Shown below is a listing with pictures; reproduce exactly, and only, the lines between the ones containing "Von München aus" and "- 現在も約87%が在宅勤務を継続している", inclusive, leaving the pictures out.

Provided records -
┄┄┄┄┄┄

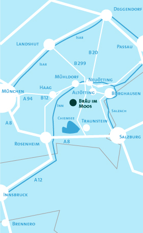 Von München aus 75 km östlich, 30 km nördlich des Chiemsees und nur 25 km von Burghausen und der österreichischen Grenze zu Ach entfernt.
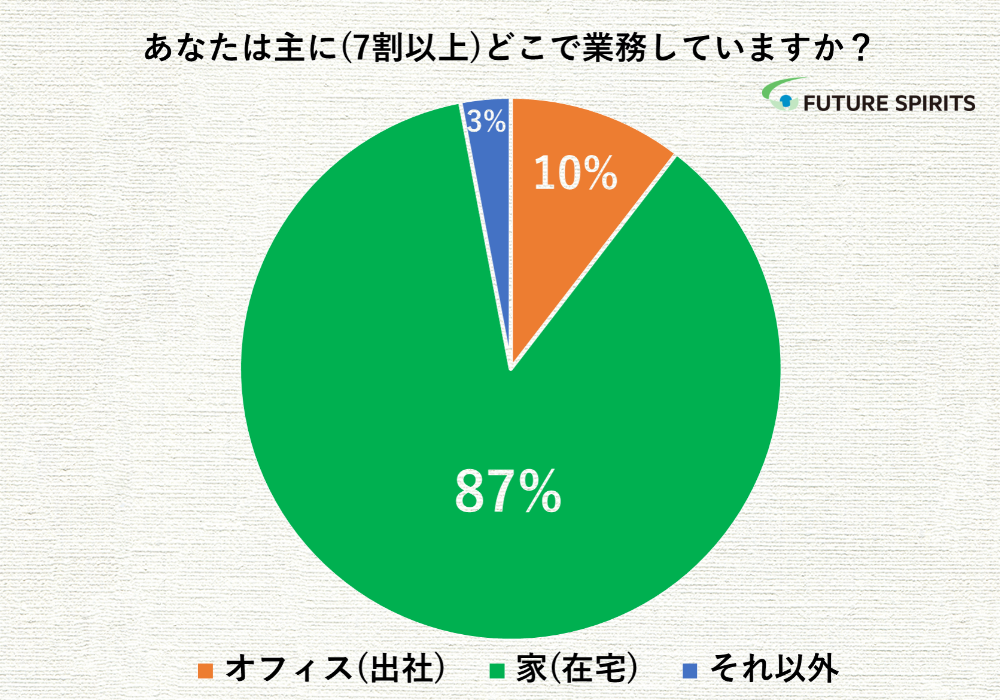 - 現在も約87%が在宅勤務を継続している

┄┄┄┄┄┄

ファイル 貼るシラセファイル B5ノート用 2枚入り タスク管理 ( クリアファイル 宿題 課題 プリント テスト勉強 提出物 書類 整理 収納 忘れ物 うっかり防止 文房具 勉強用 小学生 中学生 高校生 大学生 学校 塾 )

┄┄┄┄┄┄

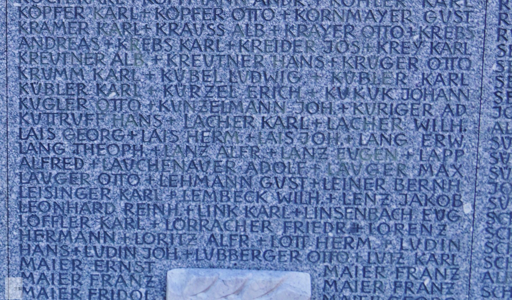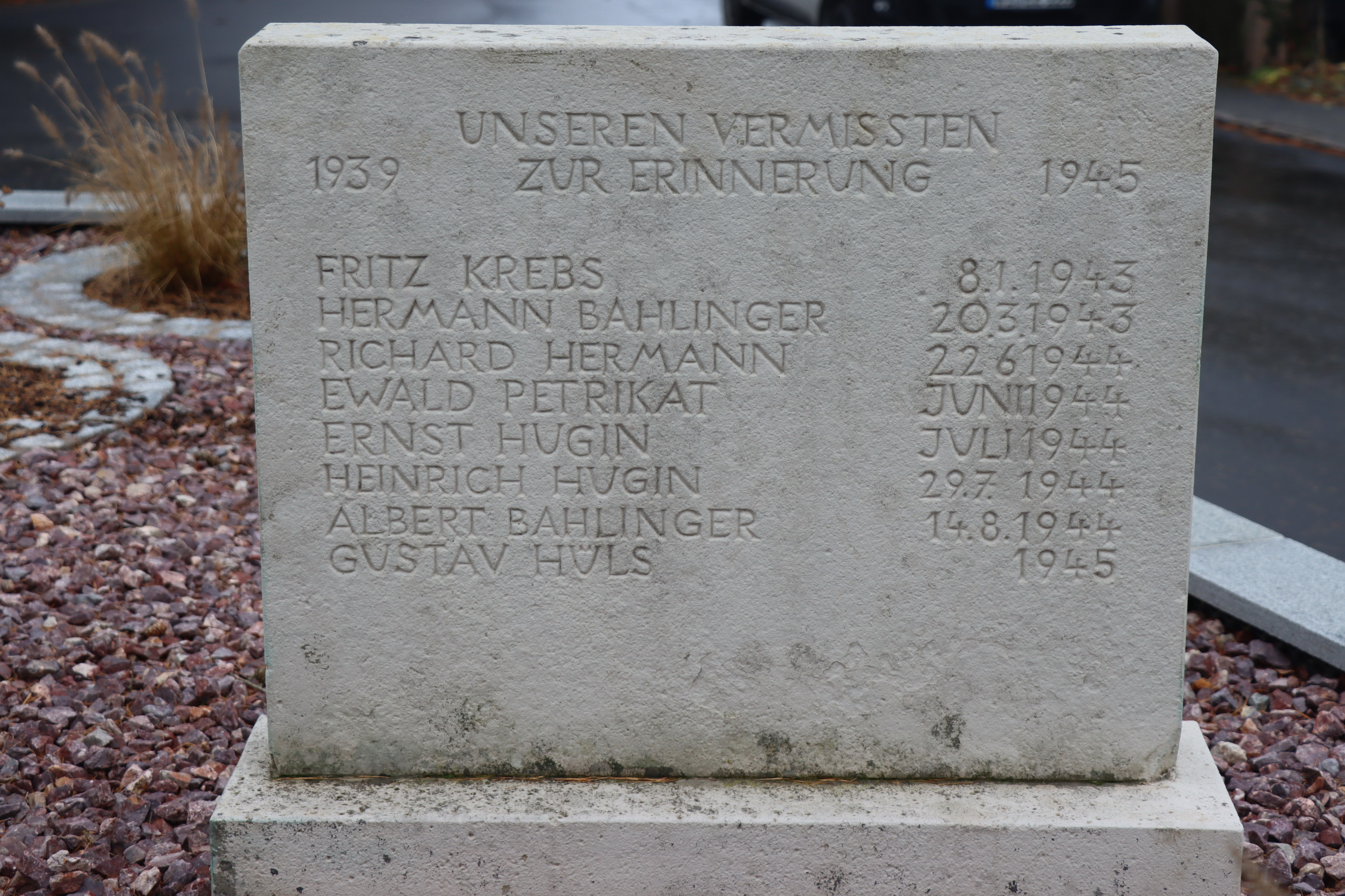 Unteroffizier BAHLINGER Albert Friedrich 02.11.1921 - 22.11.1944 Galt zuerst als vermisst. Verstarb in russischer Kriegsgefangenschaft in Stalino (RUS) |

┄┄┄┄┄┄

Finished task -
 Von München aus 75 km östlich, 30 km nördlich des Chiemsees und nur 25 km von Burghausen und der österreichischen Grenze zu Ach entfernt.
 - 現在も約87%が在宅勤務を継続している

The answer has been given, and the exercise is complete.